- Keselamatan penerbangan komersial secara keseluruhan memang membaik, tetapi penembakan jatuh pesawat penumpang yang terkait konflik bersenjata telah muncul sebagai risiko terbesar bagi kematian penumpang
- Jika kecelakaan pesawat Azerbaijan Airlines yang terjadi pada Rabu di Kazakhstan secara resmi dipastikan sebagai penembakan jatuh, ini akan menjadi insiden kematian besar ketiga akibat pesawat penumpang yang ditembak jatuh sejak 2014
- Perhitungan ini mengacu pada Aviation Safety Network milik Flight Safety Foundation, basis data yang melacak kecelakaan dan insiden penerbangan di seluruh dunia
- Jika kecelakaan ini dimasukkan, jumlah korban tewas akibat serangan semacam ini sejak 2014 akan meningkat menjadi lebih dari 500 orang
- Ketika wilayah perang atau konflik bertumpang tindih dengan jalur penerbangan sipil, risiko utama dalam keselamatan penerbangan bergeser dari cacat pesawat ke paparan konflik bersenjata
Risiko kematian penerbangan bergeser ke penembakan jatuh oleh rudal
- Dalam beberapa tahun terakhir, insiden pesawat penumpang ditembak jatuh di udara telah menjadi penyebab utama kematian dalam penerbangan komersial
- Ini menunjukkan bahwa meski indikator keselamatan penerbangan secara umum membaik, risiko konflik bersenjata terhadap penerbangan sipil justru meningkat
Kemungkinan kecelakaan Kazakhstan ditambahkan ke dalam perhitungan
- Kecelakaan pesawat Azerbaijan Airlines yang terjadi pada Rabu di Kazakhstan, jika secara resmi dipastikan sebagai penembakan jatuh, akan menjadi insiden kematian besar ketiga akibat pesawat penumpang yang ditembak jatuh dan terkait konflik bersenjata sejak 2014
- Kriteria ini mengikuti perhitungan Aviation Safety Network milik Flight Safety Foundation
- Aviation Safety Network adalah basis data yang menangani kecelakaan dan insiden penerbangan di seluruh dunia
- Jika insiden ini dipastikan sebagai penembakan jatuh, jumlah orang yang tewas akibat serangan seperti ini sejak 2014 akan menjadi lebih dari 500 orang
1 komentar
Pendapat Hacker News
https://archive.is/Gp05K
Ini juga alasan mengapa sesekali rudal Rusia bisa menembus garis pertahanan timur Eropa. Jika seluruh sistem pertahanan udara diubah ke postur yang lebih agresif, pada akhirnya kemungkinan korban sipil akan meningkat
Hal seperti ini terjadi di mana-mana, dan belum lama ini di Laut Merah sebuah kapal perusak AS menembak jatuh F-18 AS. Padahal F-18 bahkan memiliki perlengkapan tambahan pencegah tabrakan yang tidak ada pada pesawat penumpang
Bahkan sekarang, Eropa masih memakai prosedur masa damai: “cegat dan verifikasi dengan jet tempur, tanyakan kepada presiden, lalu mungkin tembak jatuh”

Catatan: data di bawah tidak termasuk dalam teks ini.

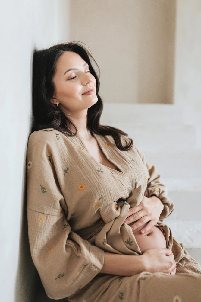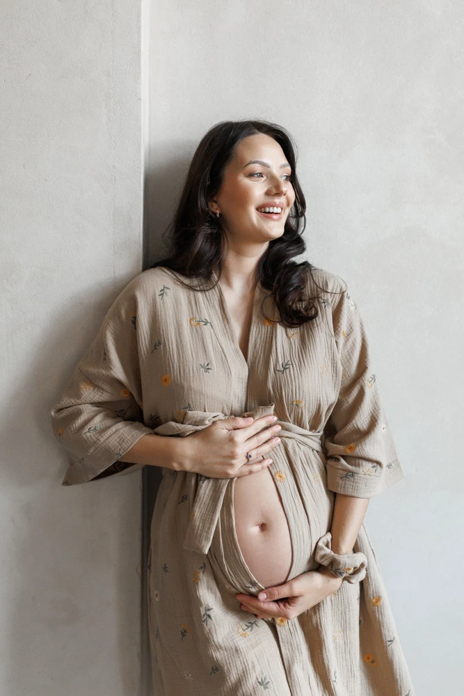 Poznejte náš mušelínový těhotenský župan Herbal latte s jemnými vyšívanými květy. Tento výjimečně měkký bavlněný těhotenský župan byl navržen speciálně tak, aby vás doprovázel od začátku těhotenství až do narození miminka a dokonce i později, až své miminko dokrmíte. Pohodlné a stylové, spojuje funkčnost s pohodlím díky volnému střihu a široké úpravě, která umožňuje snadné přizpůsobení rostoucímu bříšku. I po porodu si tento mušelínový bavlněný těhotenský župan zamilujete.

Saat kehebohan balon mata-mata Tiongkok tahun lalu, AS mengirim F-22 bersenjata dan menembak jatuh setidaknya tiga balon sipil tak berawak [0,1]
Koreksi: sepertinya saya keliru. Per pekan lalu, tampaknya AS memiliki perintah baru untuk penggunaan kekuatan mematikan [2]
[0] https://news.ycombinator.com/item?id=34824653 ("Hobby Club’s Missing Balloon Feared Shot Down by USAF (aviationweek.com)") 371 komentar
[1] https://news.ycombinator.com/item?id=34814717 ("The US Air Force may have shot down an amateur radio pico balloon over Canada (rtl-sdr.com)", 168 komentar
[2] https://arstechnica.com/tech-policy/2024/12/us-temporarily-b... ("US temporarily bans drones in parts of NJ, may use “deadly force” against aircraft")
Ini juga cocok dengan laporan bahwa kapal induk mundur ke Laut Merah bagian utara segera setelah insiden tersebut
[1] https://www.middleeastmonitor.com/20241222-yemens-houthis-cl...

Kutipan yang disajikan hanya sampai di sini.